The main cause of death in patients with type 2 diabetes is cardiovascular diseases. As the prevalence of type 2 diabetes continues to increase rapidly, the optimal control of cardiovascular risk factors should be considered as a priority. There is evidence that the use of lipid-lowering medication and platelet aggregation inhibitors contributes to the control of some of these risk factors. The increase in the use of these drugs in the intervention group may prevent patients from undergoing cardiovascular events. In contrast, the maintenance of the average number of drugs taken by the patients in the control group might reflect the behaviour of some physicians not initiating or intensifying pharmacotherapy when necessary, which is referred to in the literature as clinical inertia [2628].

The favourable results in this study can be attributed to not only changes in pharmacotherapy but also the provision of proper education on pharmacological and non-pharmacological treatments. However, additional efforts should be made to resolve the remaining drug therapy problems of the patients in the intervention group.

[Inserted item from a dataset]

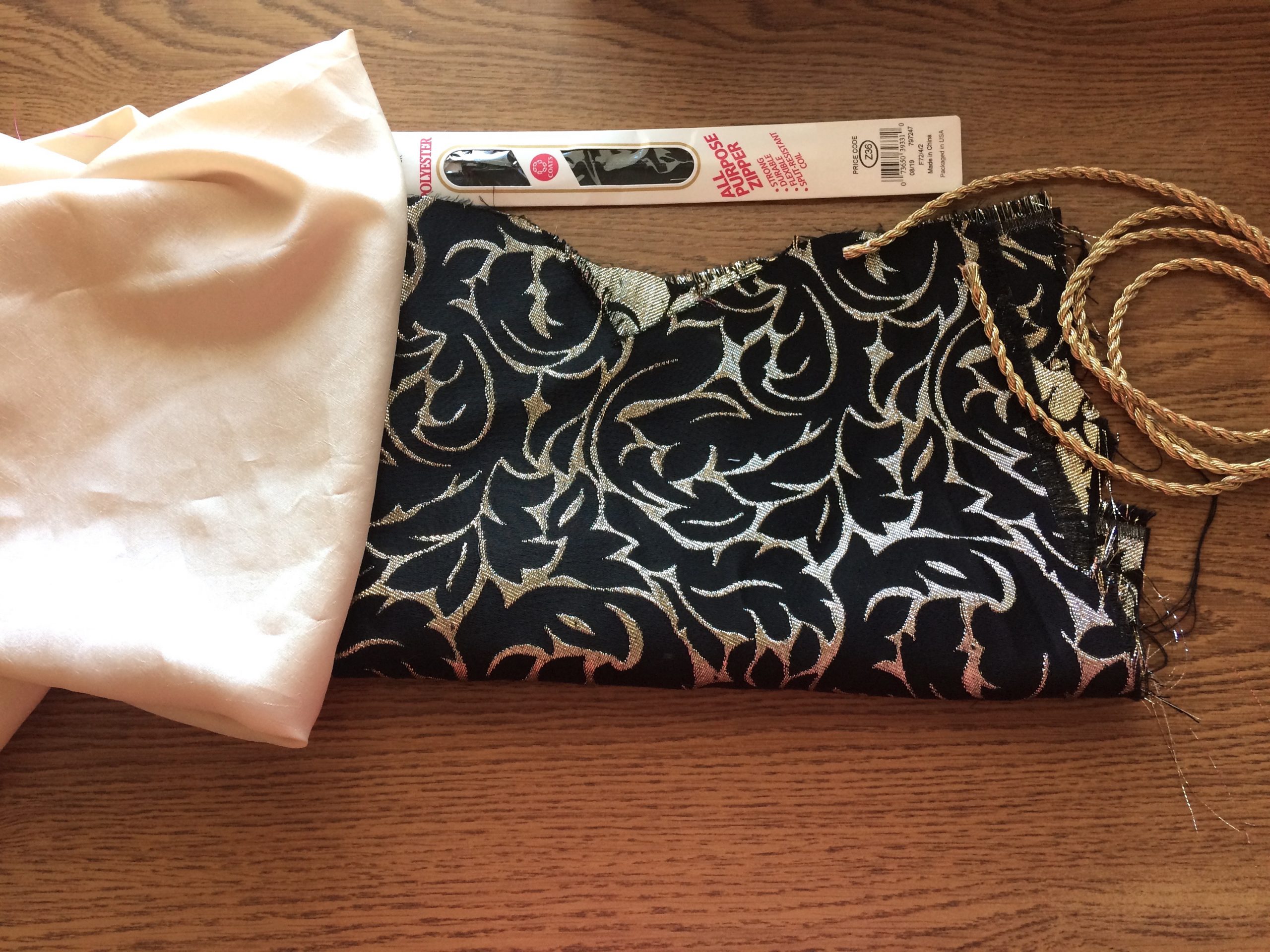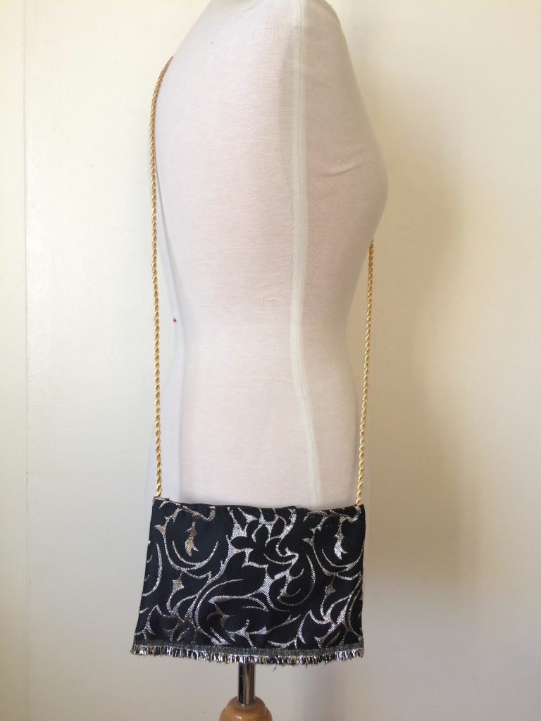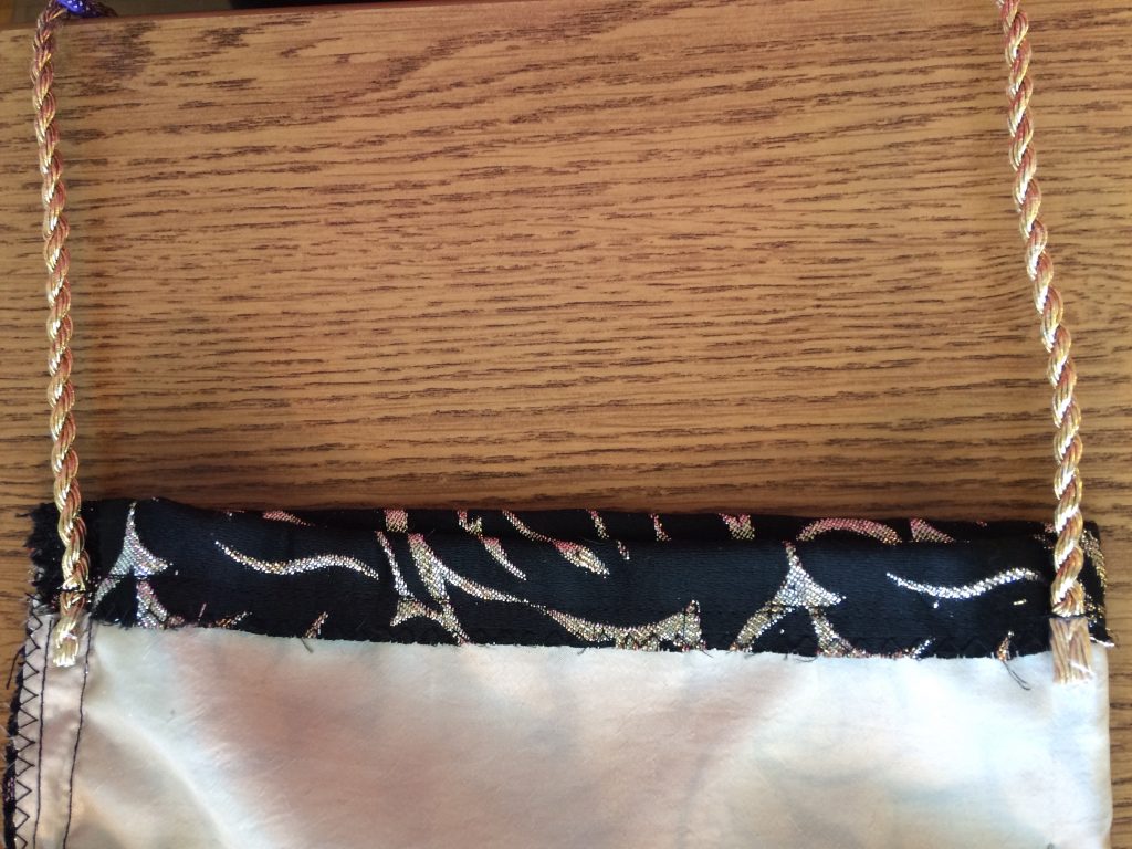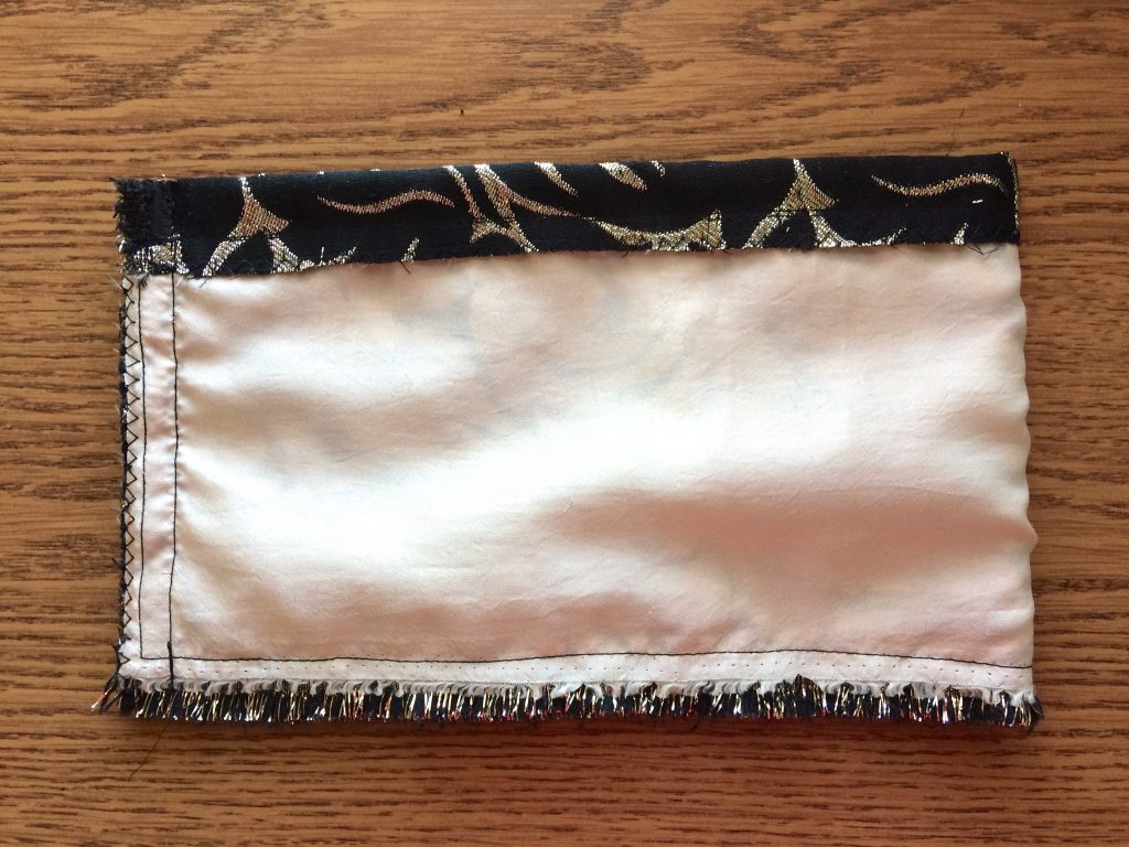 I was lucky that my scrap fabric here is a brocade with a cool fringe effect on the selvage. I decided to keep that fringe as the bottom edge of my purse and it ended up being my favorite part of the bag! Always stay open to what your materials can bring to the table; you might end up using something in a way you never expected.

The strengths of our study are the design of a randomised controlled trial to evaluate the performance of a pharmaceutical care program to improve clinical results in patients with type 2 diabetes and the measurement of diverse surrogate outcomes in the primary health care system of a developing country. We also described the impact of this program on the reduction of drug-related problems, the identification of needs for additional therapy and the introduction of new medications.

There are some limitations to be mentioned. First, we examined surrogate outcomes instead of endpoint outcomes. Investigations specially designed to study the role of a pharmaceutical care program on endpoint outcomes would better explain the real impact of this intervention on type 2 diabetes patient care. Second, in respect to participant loss, the small sample size may explain the non-significant difference between groups and such difference could not be trivial in large randomised clinical trials. Third, the study was relatively short to allow the inference that the improvement of biochemical levels and blood pressure would be intensified or maintained longer. Additionally, as the control group participants had access to laboratory results at baseline, they may have improved self-care and sought medical attention, which could minimise the effect of the intervention provided in this study. Regarding data collection, it cannot be assumed that there was strong and significant concordance between pharmacists and pharmacy students in the measurements. Finally, our observations could not be generalised to the Brazilian public health system as a whole because the number of pharmacists who perform pharmaceutical care is still small, and these professionals are not specifically qualified for patient follow-up.

Conclusion

In conclusion, this study suggests that a pharmaceutical care program may provide important contributions to reduce haemoglobin A1C levels in type 2 diabetes patients. Moreover, the promotion of the rational use of drugs may be better achieved in the context of pharmaceutical care programs. Patient-centred actions in primary care could be an important strategy to improve the quality of healthcare provided by the Brazilian public health system.